Por toda respuesta, Copérnico lo felicitó calurosamente, y le dijo que aquello no era más que la justa recompensa por su hermosa epístola a Reich. Giese no percibió ninguna malicia en la frase: había olvidado que fue Nicolás quien escribió prácticamente la totalidad del texto que él se limitó a firmar.

—El juego ha concluido, querido Tiedemann, mi carrera eclesiástica se estancó hace ya veinte años a las puertas del capítulo de Frauenburg. En eso coinciden mis enemigos y mis amigos. Los primeros tiemblan aún, después de dos decenios, cuando se acuerdan de la inmensa sombra de Lucas Watzenrode. Los segundos, como tú o Von Rheden, deseáis que yo no sea otra cosa que un astrónomo con la nariz metida en las estrellas, un espíritu puro encerrado en su torre, repasando una y otra vez sus cálculos abstrusos y esotéricos, un icono cuya gloria se derramaría sobre todos los que me rodean. ¡No, no, no protestes! Lee la carta que acaba de enviarme, desde Roma, nuestro querido Schönberg…, ¡perdón!, su eminencia el cardenal de Capua.

Giese leyó en voz alta la carta de su antiguo condiscípulo de Ferrara, entre exclamaciones de alegría. Estaba fechada el 1 de noviembre de 1536: «Me he enterado de que no sólo conoces admirablemente los descubrimientos de los matemáticos de la Antigüedad, sino que incluso has construido una nueva doctrina del mundo según la cual la Tierra se mueve, mientras que el Sol ocupa el lugar más bajo y, en consecuencia, central del Universo; que el octavo cielo permanece fijo y eternamente inmóvil; que sobre todo ese sistema astronómico has escrito unos
Comentarios
, y que, después de calcular los movimientos de los astros errantes, has compuesto unas tablas para gran admiración de todos. Por esa razón, hombre sapientísimo, te ruego con el mayor apremio que comuniques a los sabios ese descubrimiento tuyo, y que me envíes tan rápidamente como te sea posible los frutos de tus meditaciones nocturnas sobre la esfera del mundo, con las tablas y todo cuanto te parezca oportuno acerca del tema. Y he encargado a Von Rheden que haga copiar todo eso y haga que me lo envíen, a mi costa. Y si quieres hacer tal como yo te lo pido, comprobarás que tratas con una persona que tiene tu nombre en la mayor estima y que está llena de deseos de hacer justicia a tu genio. Hasta pronto».

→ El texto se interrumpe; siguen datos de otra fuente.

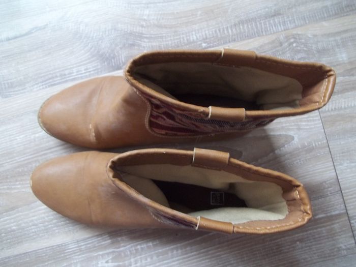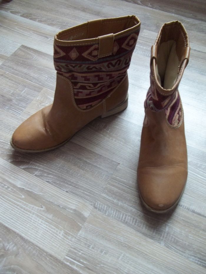 Bottines à petits talons (1,5 à 2 cm de bois ou aspect bois ?) en (simili ?) cuir marron clair et tige en tissu multicolore. Hauteur de tige environ 16 cm, largeur haut tige environ 16 cm, longueur semelle extérieure 26,5 cm. Plutôt petit 39. Peu portées mais "cuir" marqué et craquelé par endroits (cf photos). CH14

Tiedemann levantó la vista y dijo:

—¿Es que no le enviaste tus
Revoluciones
?

—Lo olvidé. O más bien, minusvaloré sus conocimientos de astronomía, al pensar que no entendería nada. Al parecer, no es el caso. ¿Ha sido Von Rheden, al que cita en la carta, o tú, quien ha cometido la indiscreción de hablarle de mi obra?

—Los dos, querido, los dos. Nos hemos conjurado para proteger tu renombre tanto, si no más, como Alberto de Prusia, Dantiscus y Melanchthon se conjuran para difamarte. ¿Quién iba a hacerlo, si no? ¡Tú no, viejo oso, tú no! Presumes de haber sido un diplomático hábil en la época de tu juventud. Pues parece que tus dotes se han gastado con la edad. ¿Has entendido por lo menos lo que significa la última frase de Schönberg: «Comprobarás que tratas con una persona que tiene tu nombre en la mayor estima y que está llena de deseos de hacer justicia a tu genio»?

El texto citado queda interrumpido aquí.